**Data excerpts:**
• • •

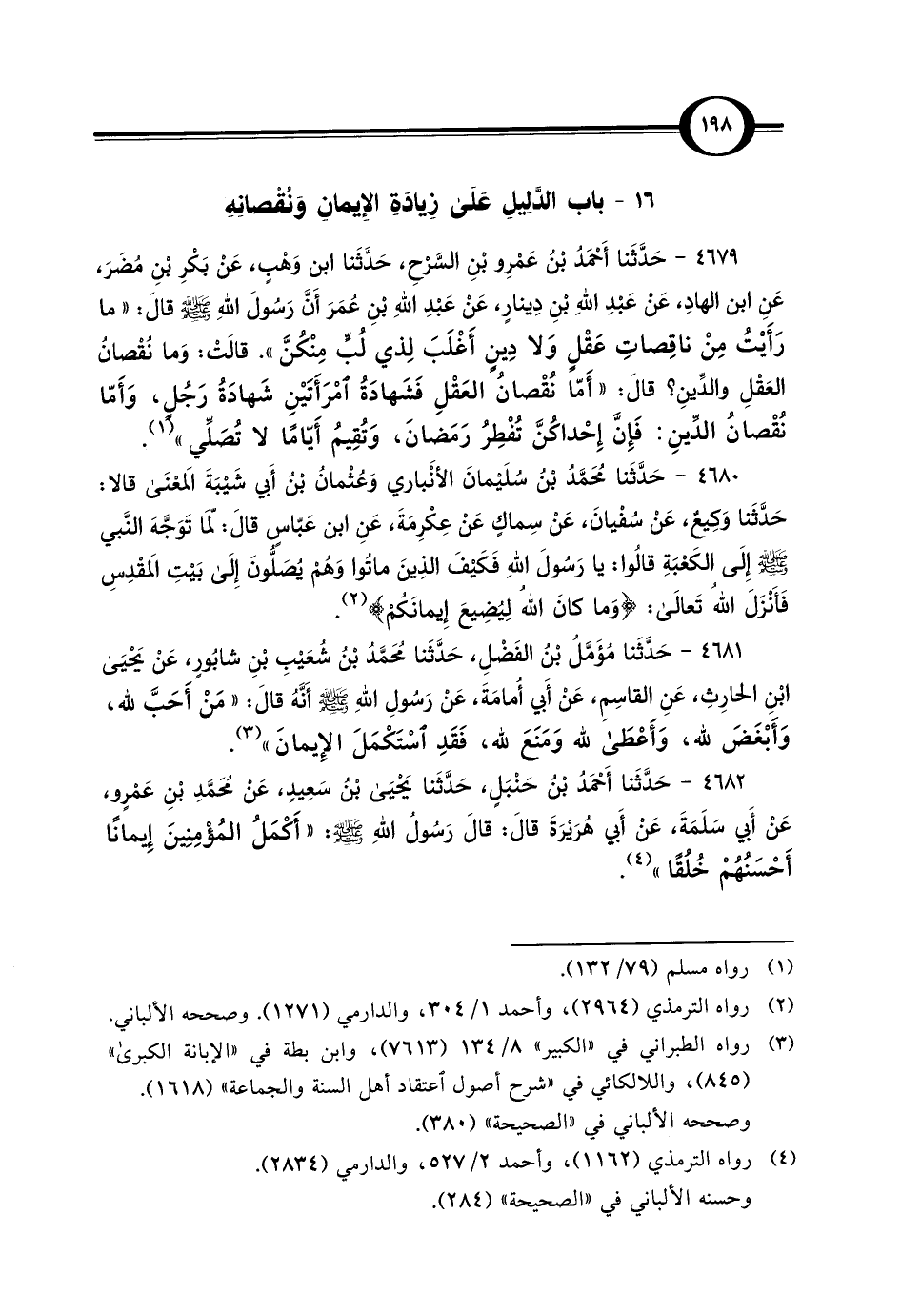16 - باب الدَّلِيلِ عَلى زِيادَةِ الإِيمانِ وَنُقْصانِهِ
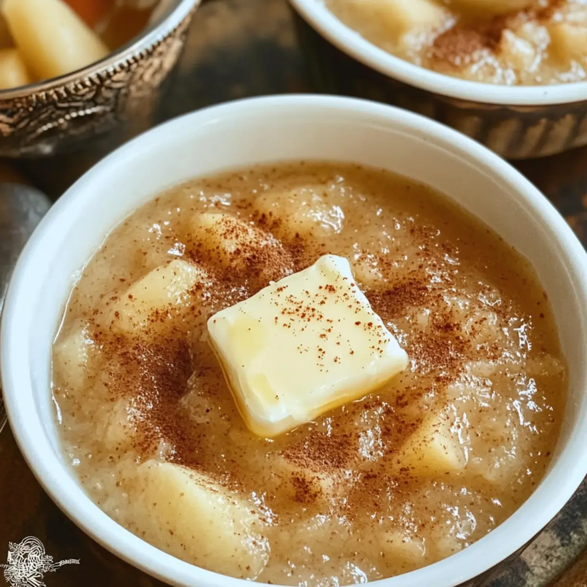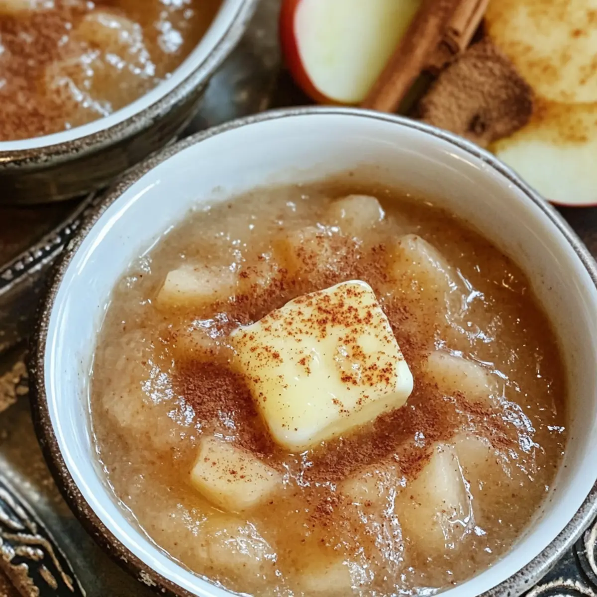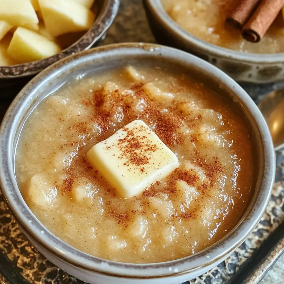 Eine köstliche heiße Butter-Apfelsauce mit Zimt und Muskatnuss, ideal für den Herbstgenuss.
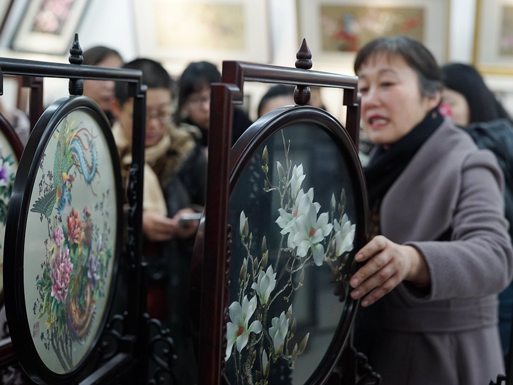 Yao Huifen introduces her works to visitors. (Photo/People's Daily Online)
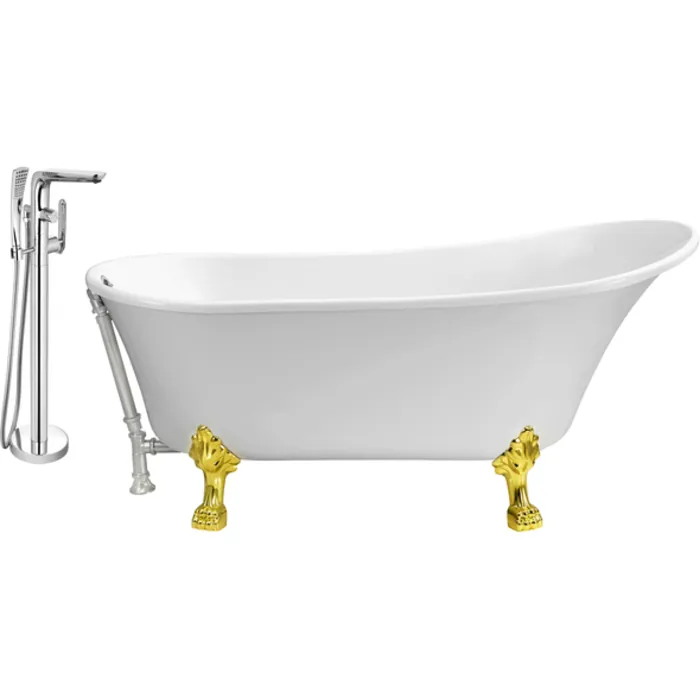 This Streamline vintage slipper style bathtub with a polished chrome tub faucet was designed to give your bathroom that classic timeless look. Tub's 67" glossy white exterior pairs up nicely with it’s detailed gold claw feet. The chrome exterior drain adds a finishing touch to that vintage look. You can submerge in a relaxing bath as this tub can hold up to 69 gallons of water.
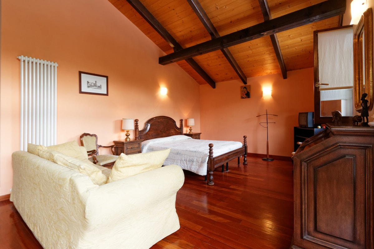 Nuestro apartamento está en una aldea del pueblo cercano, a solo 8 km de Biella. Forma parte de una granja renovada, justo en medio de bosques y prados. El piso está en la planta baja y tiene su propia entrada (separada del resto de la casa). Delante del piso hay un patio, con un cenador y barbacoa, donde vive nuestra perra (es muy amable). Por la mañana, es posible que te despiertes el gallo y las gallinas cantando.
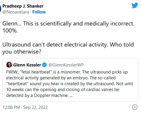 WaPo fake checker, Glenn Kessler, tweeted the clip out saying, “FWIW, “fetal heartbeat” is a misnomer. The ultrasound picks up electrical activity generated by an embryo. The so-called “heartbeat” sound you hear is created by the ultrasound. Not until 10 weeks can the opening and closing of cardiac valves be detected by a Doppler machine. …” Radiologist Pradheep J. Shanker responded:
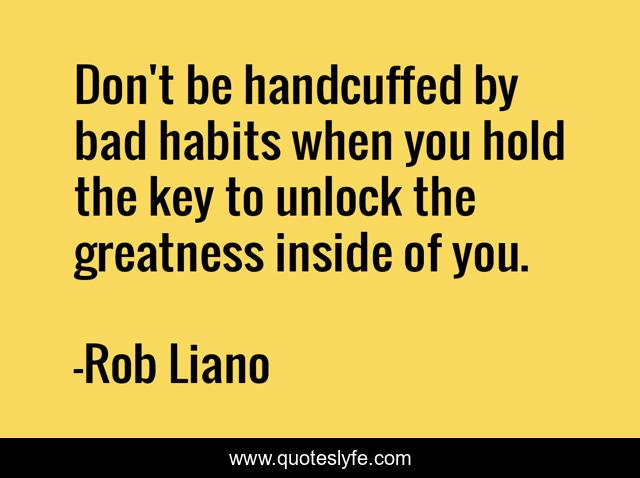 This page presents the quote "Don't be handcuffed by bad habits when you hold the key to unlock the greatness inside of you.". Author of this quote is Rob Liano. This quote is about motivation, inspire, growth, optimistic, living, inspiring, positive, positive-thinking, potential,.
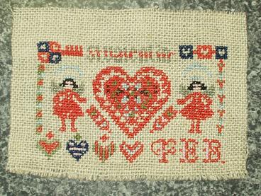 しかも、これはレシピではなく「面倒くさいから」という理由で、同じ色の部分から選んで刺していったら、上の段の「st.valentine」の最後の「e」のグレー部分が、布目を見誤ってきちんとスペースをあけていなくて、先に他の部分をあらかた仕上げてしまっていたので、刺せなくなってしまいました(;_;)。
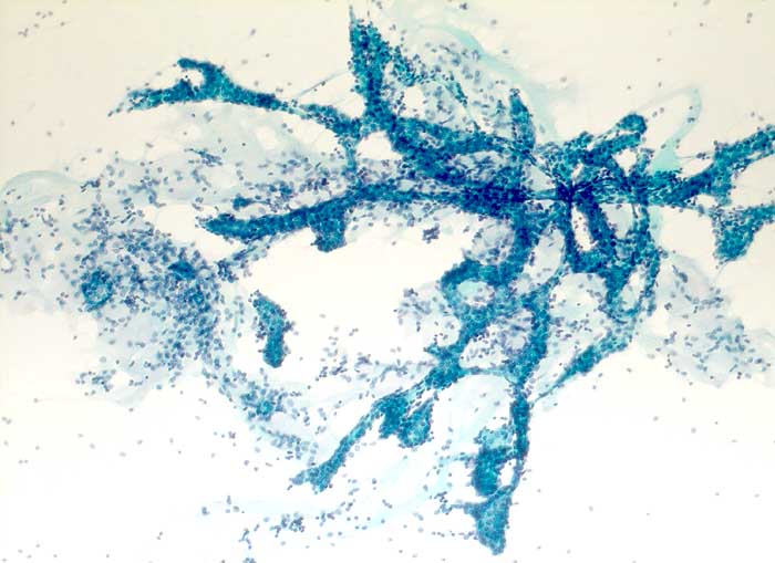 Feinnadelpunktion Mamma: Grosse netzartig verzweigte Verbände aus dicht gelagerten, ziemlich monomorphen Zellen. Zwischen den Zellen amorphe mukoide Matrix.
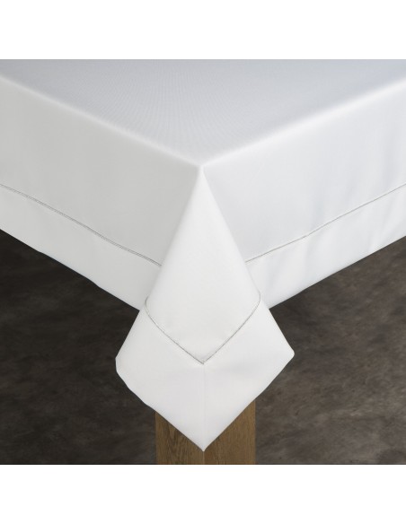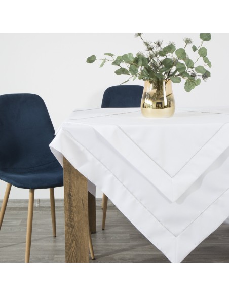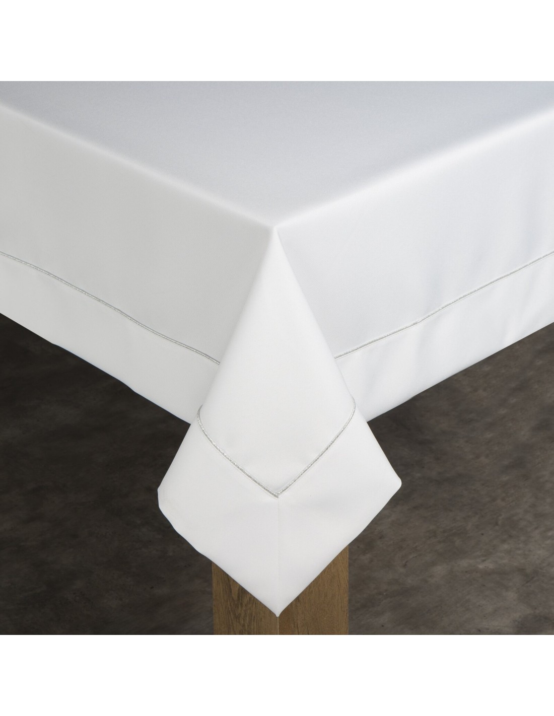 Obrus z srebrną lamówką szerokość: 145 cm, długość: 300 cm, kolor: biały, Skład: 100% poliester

• • •

**ASSIGNMENT:**
Every entry above should be duplicated exactly. Do not include the images.

**EXERCISE RESPONSE:**
16 - باب الدَّلِيلِ عَلى زِيادَةِ الإِيمانِ وَنُقْصانِهِ
 Eine köstliche heiße Butter-Apfelsauce mit Zimt und Muskatnuss, ideal für den Herbstgenuss.
 Yao Huifen introduces her works to visitors. (Photo/People's Daily Online)
 This Streamline vintage slipper style bathtub with a polished chrome tub faucet was designed to give your bathroom that classic timeless look. Tub's 67" glossy white exterior pairs up nicely with it’s detailed gold claw feet. The chrome exterior drain adds a finishing touch to that vintage look. You can submerge in a relaxing bath as this tub can hold up to 69 gallons of water.
 Nuestro apartamento está en una aldea del pueblo cercano, a solo 8 km de Biella. Forma parte de una granja renovada, justo en medio de bosques y prados. El piso está en la planta baja y tiene su propia entrada (separada del resto de la casa). Delante del piso hay un patio, con un cenador y barbacoa, donde vive nuestra perra (es muy amable). Por la mañana, es posible que te despiertes el gallo y las gallinas cantando.
 WaPo fake checker, Glenn Kessler, tweeted the clip out saying, “FWIW, “fetal heartbeat” is a misnomer. The ultrasound picks up electrical activity generated by an embryo. The so-called “heartbeat” sound you hear is created by the ultrasound. Not until 10 weeks can the opening and closing of cardiac valves be detected by a Doppler machine. …” Radiologist Pradheep J. Shanker responded:
 This page presents the quote "Don't be handcuffed by bad habits when you hold the key to unlock the greatness inside of you.". Author of this quote is Rob Liano. This quote is about motivation, inspire, growth, optimistic, living, inspiring, positive, positive-thinking, potential,.
 しかも、これはレシピではなく「面倒くさいから」という理由で、同じ色の部分から選んで刺していったら、上の段の「st.valentine」の最後の「e」のグレー部分が、布目を見誤ってきちんとスペースをあけていなくて、先に他の部分をあらかた仕上げてしまっていたので、刺せなくなってしまいました(;_;)。
 Feinnadelpunktion Mamma: Grosse netzartig verzweigte Verbände aus dicht gelagerten, ziemlich monomorphen Zellen. Zwischen den Zellen amorphe mukoide Matrix.
 Obrus z srebrną lamówką szerokość: 145 cm, długość: 300 cm, kolor: biały, Skład: 100% poliester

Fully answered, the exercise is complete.